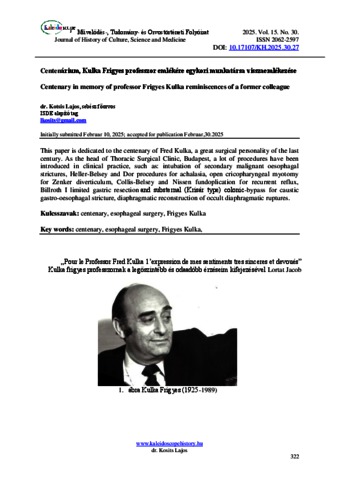 Kotsis, Lajos (2025) Centenárium, Kulka Frigyes professzor emlékére egykori munkatársa visszaemlékezése. KALEIDOSCOPE: MŰVELŐDÉS- TUDOMÁNY- ÉS ORVOSTÖRTÉNETI FOLYÓIRAT, 15 (30). pp. 322-329. ISSN 2062-2597
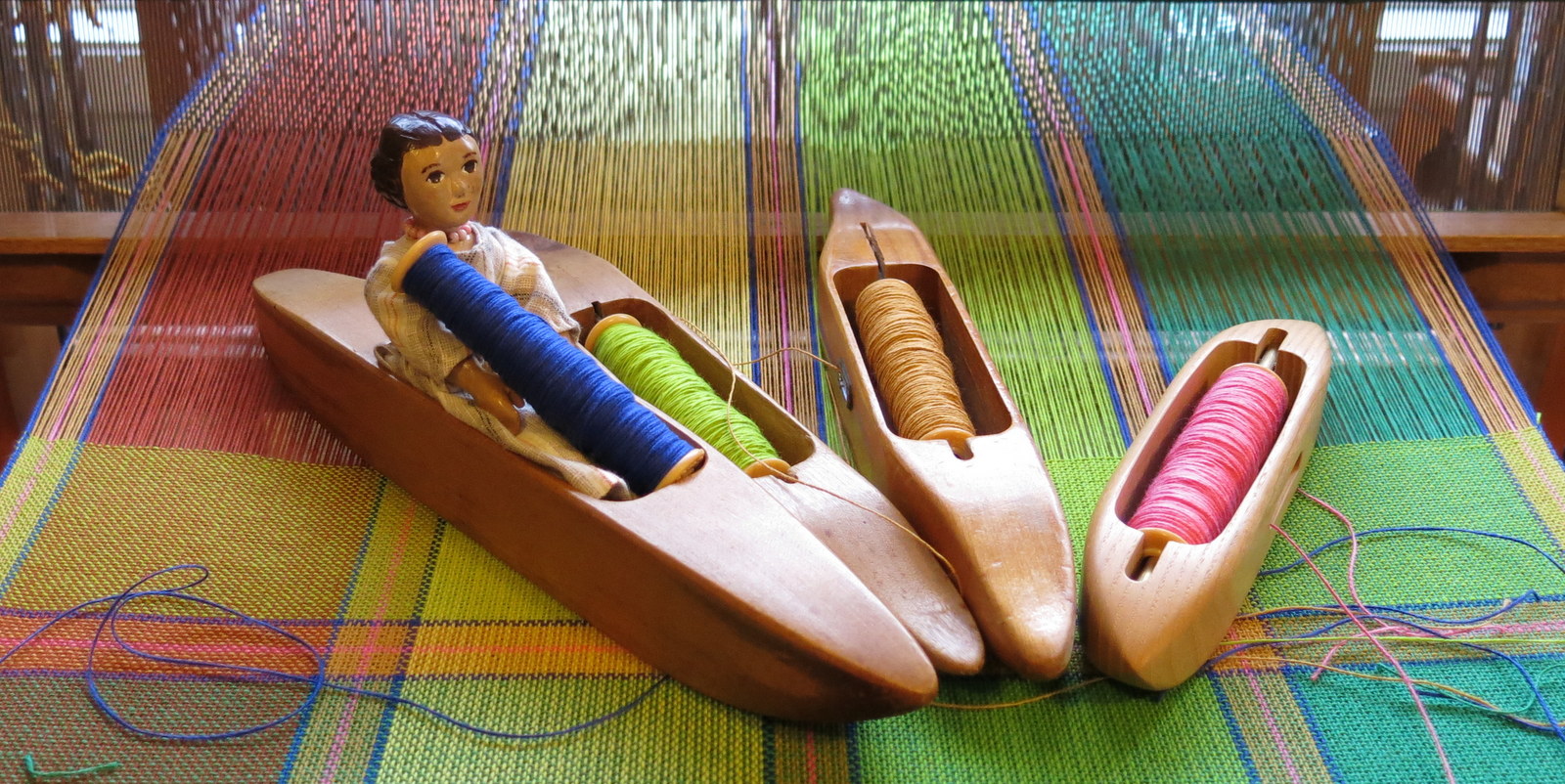 The prepared bobbins will be inserted into a boat shuttle like the one resting on the front beam at the top of this picture.
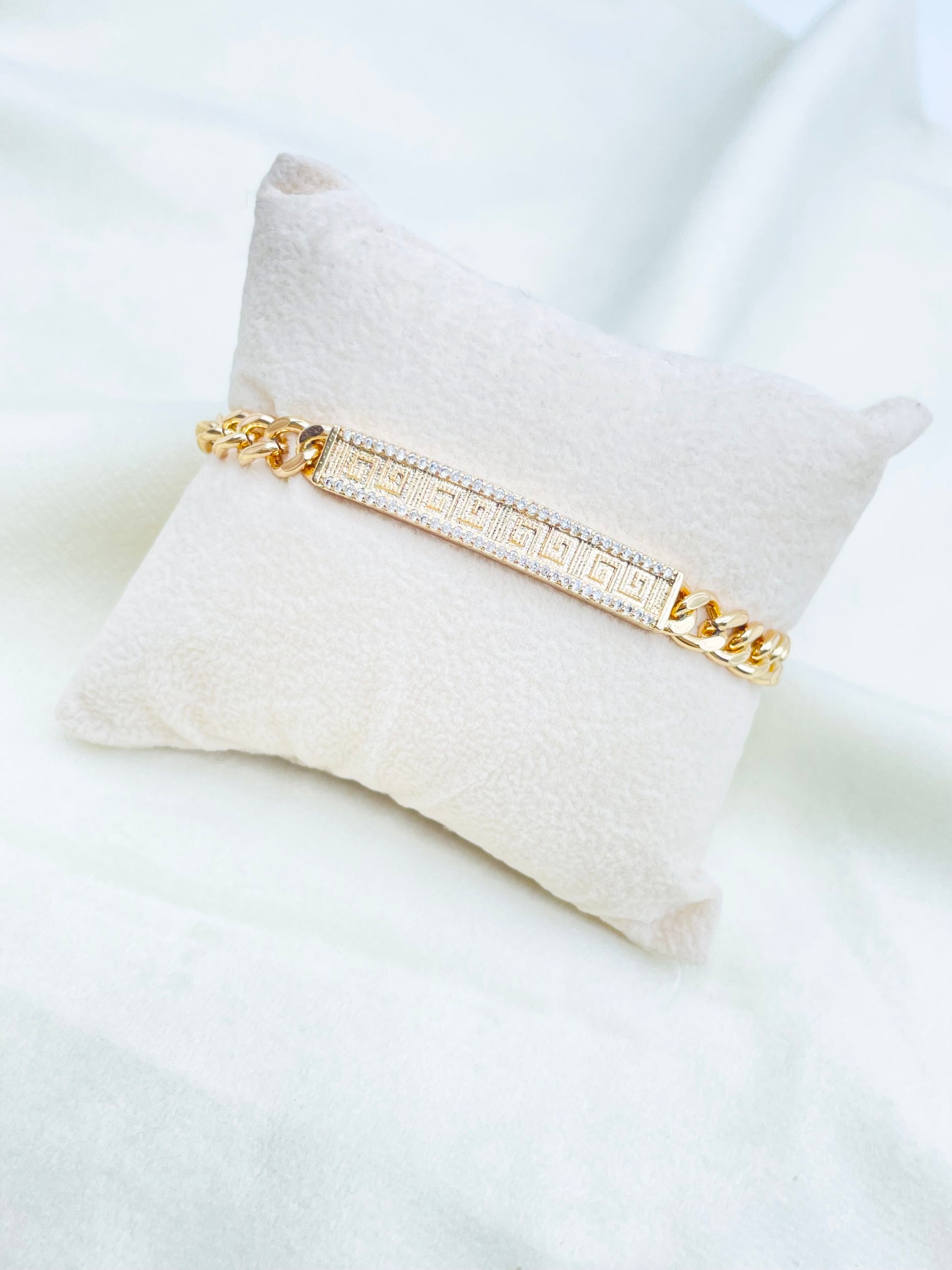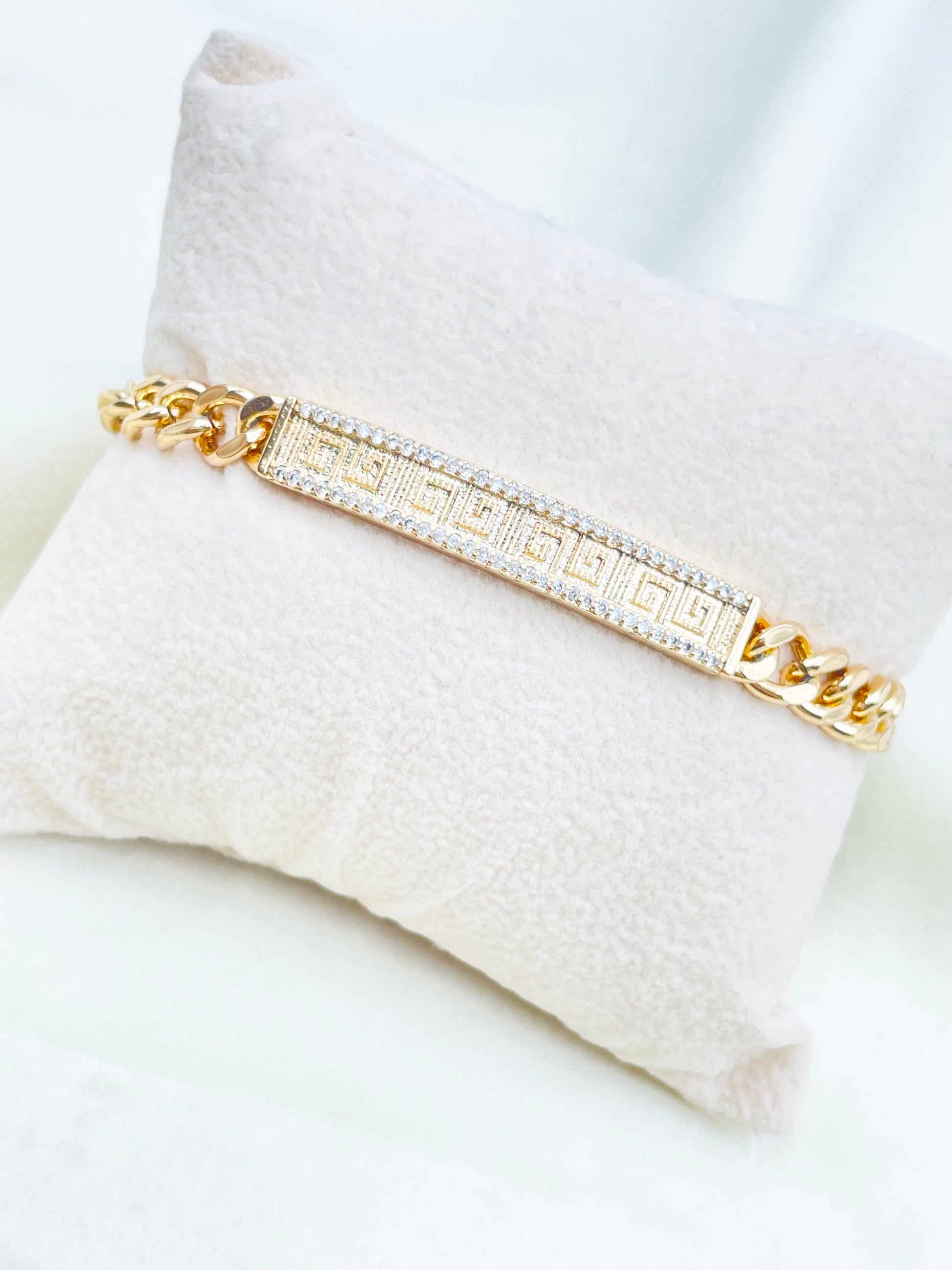 Descubre la elegante Esclava Xuping con su placa grabada con grecas y resplandecientes brillos. Hecha con materiales de calidad, esta esclava es el complemento perfecto para cualquier ocasión. Su diseño único y sofisticado te hará lucir con estilo y distinción. ¡Hazte con ella ahora y presume de un accesorio de moda que nunca pasa de moda!
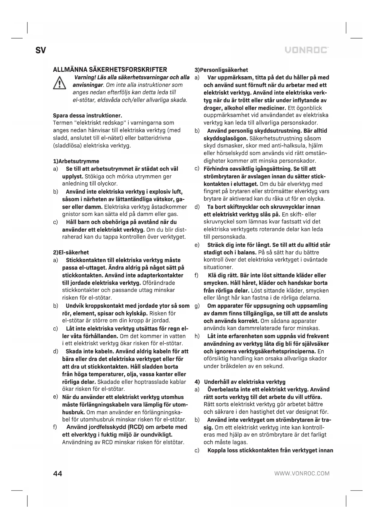 MILJÖ Felaktig och/eller kasserad elektrisk eller elektronisk utrustning måste lämnas in på lämpliga återvinningsstationer. Endast för EU-länder Kassera inte elverktyg i hushållsavfall. Enligt den europeiska riktlinjen 2012/19/EU om kasserad elektrisk och elektronisk utrustning och dess tillämpning i nationell rätt måste elverktyg som inte längre är användbara samlas in separat och kasseras på ett miljövänligt sätt. GARANTI VONROC produkter ar utvecklade enligt hogsta kva- litetsstandard och garanteras vara utan defekter bade vad galler material och tillverkning under den period som stipuleras enligt lag med borjan fran ursprungligt inkopsdatum. Om nagot fel uppstar pa produkten under denna period pa grund av material- och/eller tillverkningsfel skall VONROC kontaktas direkt. Foljande omstandigheter exkluderas fran denna garanti:

- - - -

■ What you have to do
Please give the material above again in full, with no pictures in your version.

■ Solution for this problem
 Kotsis, Lajos (2025) Centenárium, Kulka Frigyes professzor emlékére egykori munkatársa visszaemlékezése. KALEIDOSCOPE: MŰVELŐDÉS- TUDOMÁNY- ÉS ORVOSTÖRTÉNETI FOLYÓIRAT, 15 (30). pp. 322-329. ISSN 2062-2597
 The prepared bobbins will be inserted into a boat shuttle like the one resting on the front beam at the top of this picture.
 Descubre la elegante Esclava Xuping con su placa grabada con grecas y resplandecientes brillos. Hecha con materiales de calidad, esta esclava es el complemento perfecto para cualquier ocasión. Su diseño único y sofisticado te hará lucir con estilo y distinción. ¡Hazte con ella ahora y presume de un accesorio de moda que nunca pasa de moda!
 MILJÖ Felaktig och/eller kasserad elektrisk eller elektronisk utrustning måste lämnas in på lämpliga återvinningsstationer. Endast för EU-länder Kassera inte elverktyg i hushållsavfall. Enligt den europeiska riktlinjen 2012/19/EU om kasserad elektrisk och elektronisk utrustning och dess tillämpning i nationell rätt måste elverktyg som inte längre är användbara samlas in separat och kasseras på ett miljövänligt sätt. GARANTI VONROC produkter ar utvecklade enligt hogsta kva- litetsstandard och garanteras vara utan defekter bade vad galler material och tillverkning under den period som stipuleras enligt lag med borjan fran ursprungligt inkopsdatum. Om nagot fel uppstar pa produkten under denna period pa grund av material- och/eller tillverkningsfel skall VONROC kontaktas direkt. Foljande omstandigheter exkluderas fran denna garanti:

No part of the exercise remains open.